As far as I understand it, these continuous analogs are formed by finding a continuous distribution whose CDF evaluates to the same as the CDF of the discrete version at all points in the discrete support. In that case, here are some basic implementations to get you started:
using StatsFuns, Distributions, ADTypes, FiniteDiff
import DifferentiationInterface as DI
struct ContinuousPoisson{T<:Real,B<:ADTypes.AbstractADType} <: ContinuousUnivariateDistribution
λ::T
ad_type::B
end
ContinuousPoisson(λ) = ContinuousPoisson(λ, ADTypes.AutoFiniteDiff())
_discretize(d::ContinuousPoisson) = Poisson(d.λ)
Base.minimum(::ContinuousPoisson) = 0
Base.maximum(::ContinuousPoisson) = Inf
Distributions.cdf(d::ContinuousPoisson, x::Real) = StatsFuns.gammaccdf(x + 1, 1, d.λ)
function Distributions.logcdf(d::ContinuousPoisson, x::Real)
return StatsFuns.gammalogccdf(x + 1, 1, d.λ)
end
struct ContinuousBinomial{T<:Real,B<:ADTypes.AbstractADType} <: ContinuousUnivariateDistribution
n::Int
p::T
ad_type::B
end
ContinuousBinomial(n, p) = ContinuousBinomial(n, p, ADTypes.AutoFiniteDiff())
_discretize(d::ContinuousBinomial) = Binomial(d.n, d.p)
Base.minimum(::ContinuousBinomial) = 0
Base.maximum(::ContinuousBinomial) = d.n
function Distributions.cdf(d::ContinuousBinomial, x::Real)
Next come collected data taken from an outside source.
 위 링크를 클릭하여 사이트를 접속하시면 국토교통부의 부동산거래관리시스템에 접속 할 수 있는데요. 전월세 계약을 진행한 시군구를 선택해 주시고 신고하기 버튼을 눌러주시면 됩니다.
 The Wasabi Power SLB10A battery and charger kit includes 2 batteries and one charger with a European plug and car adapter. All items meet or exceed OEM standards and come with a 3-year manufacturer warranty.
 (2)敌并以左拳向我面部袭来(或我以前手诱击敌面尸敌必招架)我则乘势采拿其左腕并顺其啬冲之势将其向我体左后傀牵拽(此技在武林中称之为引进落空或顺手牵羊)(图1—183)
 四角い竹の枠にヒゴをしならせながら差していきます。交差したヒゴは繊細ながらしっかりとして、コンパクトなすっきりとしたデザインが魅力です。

return StatsFuns.betaccdf(min(x + 1, d.n), max(d.n - x, 0), d.p)
end
function Distributions.logcdf(d::ContinuousBinomial, x::Real)
return StatsFuns.betalogccdf(min(x + 1, d.n), max(d.n - x, 0), d.p)
end
struct ContinuousNegativeBinomial{T<:Real,B<:ADTypes.AbstractADType} <: ContinuousUnivariateDistribution
r::Int
p::T
ad_type::B
end
ContinuousNegativeBinomial(r, p) = ContinuousNegativeBinomial(r, p, ADTypes.AutoFiniteDiff())
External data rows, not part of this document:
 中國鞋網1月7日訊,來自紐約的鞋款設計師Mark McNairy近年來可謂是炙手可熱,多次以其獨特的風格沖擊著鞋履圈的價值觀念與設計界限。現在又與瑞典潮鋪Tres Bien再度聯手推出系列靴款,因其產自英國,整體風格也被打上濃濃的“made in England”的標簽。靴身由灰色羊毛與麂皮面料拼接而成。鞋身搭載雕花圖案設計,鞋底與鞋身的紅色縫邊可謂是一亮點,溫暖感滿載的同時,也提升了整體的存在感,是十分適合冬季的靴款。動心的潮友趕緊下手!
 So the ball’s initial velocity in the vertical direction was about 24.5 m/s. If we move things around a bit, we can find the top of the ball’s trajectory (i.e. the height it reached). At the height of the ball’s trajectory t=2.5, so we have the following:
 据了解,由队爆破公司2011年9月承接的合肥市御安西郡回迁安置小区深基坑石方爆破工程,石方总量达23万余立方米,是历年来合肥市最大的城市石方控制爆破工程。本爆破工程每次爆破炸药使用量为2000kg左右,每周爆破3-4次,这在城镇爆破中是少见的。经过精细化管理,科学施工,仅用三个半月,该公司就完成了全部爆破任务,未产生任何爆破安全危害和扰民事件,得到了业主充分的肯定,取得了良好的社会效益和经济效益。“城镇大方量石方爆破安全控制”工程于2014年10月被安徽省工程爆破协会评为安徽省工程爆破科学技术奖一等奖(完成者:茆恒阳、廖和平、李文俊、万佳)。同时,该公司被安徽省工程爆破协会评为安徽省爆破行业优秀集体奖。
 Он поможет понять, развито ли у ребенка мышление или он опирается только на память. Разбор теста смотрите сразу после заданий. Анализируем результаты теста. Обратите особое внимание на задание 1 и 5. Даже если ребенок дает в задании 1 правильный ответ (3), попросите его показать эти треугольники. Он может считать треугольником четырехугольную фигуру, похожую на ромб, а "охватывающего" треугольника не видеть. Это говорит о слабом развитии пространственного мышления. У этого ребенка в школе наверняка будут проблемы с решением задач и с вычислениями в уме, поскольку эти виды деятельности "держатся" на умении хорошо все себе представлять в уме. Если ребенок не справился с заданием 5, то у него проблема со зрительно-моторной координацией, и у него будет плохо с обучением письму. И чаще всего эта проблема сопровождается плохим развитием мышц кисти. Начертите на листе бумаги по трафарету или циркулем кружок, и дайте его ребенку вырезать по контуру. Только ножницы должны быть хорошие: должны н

_discretize(d::ContinuousNegativeBinomial) = NegativeBinomial(d.r, d.p)
Base.minimum(::ContinuousNegativeBinomial) = 0
Base.maximum(::ContinuousNegativeBinomial) = Inf
function Distributions.cdf(d::ContinuousNegativeBinomial, x::Real)
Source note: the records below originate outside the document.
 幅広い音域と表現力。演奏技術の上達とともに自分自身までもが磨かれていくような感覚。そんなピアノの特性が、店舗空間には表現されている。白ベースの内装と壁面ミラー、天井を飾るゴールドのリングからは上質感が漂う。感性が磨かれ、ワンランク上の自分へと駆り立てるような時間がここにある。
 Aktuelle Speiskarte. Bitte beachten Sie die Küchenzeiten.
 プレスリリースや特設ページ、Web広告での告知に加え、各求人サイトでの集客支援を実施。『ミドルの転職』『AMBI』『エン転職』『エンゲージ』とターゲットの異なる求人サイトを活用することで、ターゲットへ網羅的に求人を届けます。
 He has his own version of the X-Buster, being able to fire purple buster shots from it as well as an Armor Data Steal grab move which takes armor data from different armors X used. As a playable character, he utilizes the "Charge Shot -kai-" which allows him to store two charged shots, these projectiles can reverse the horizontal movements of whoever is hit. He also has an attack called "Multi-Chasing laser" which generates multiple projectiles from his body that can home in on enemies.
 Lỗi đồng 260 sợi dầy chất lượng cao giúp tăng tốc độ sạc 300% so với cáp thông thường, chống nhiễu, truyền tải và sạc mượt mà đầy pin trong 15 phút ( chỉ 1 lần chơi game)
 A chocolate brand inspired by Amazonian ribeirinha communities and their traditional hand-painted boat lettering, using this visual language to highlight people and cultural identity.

return StatsFuns.betacdf(d.r, x + 1, d.p)
end
function Distributions.logcdf(d::ContinuousNegativeBinomial, x::Real)
return StatsFuns.betalogcdf(d.r, x + 1, d.p)
end
# shared code
for T in [:ContinuousPoisson, :ContinuousBinomial, :ContinuousNegativeBinomial]
@eval begin
function Distributions.quantile(d::$T, p::Real)
upper = Distributions.quantile(_discretize(d), p)
lower = upper - 1
# NOTE: quantile_bisect is an internal function
return Distributions.quantile_bisect(d, p, lower, upper)
end
function Distributions.pdf(d::$T, x::Real)
return DI.derivative(Base.Fix1(Distributions.cdf, d), d.ad_type, x)
end
function Distributions.logpdf(d::$T, x::Real)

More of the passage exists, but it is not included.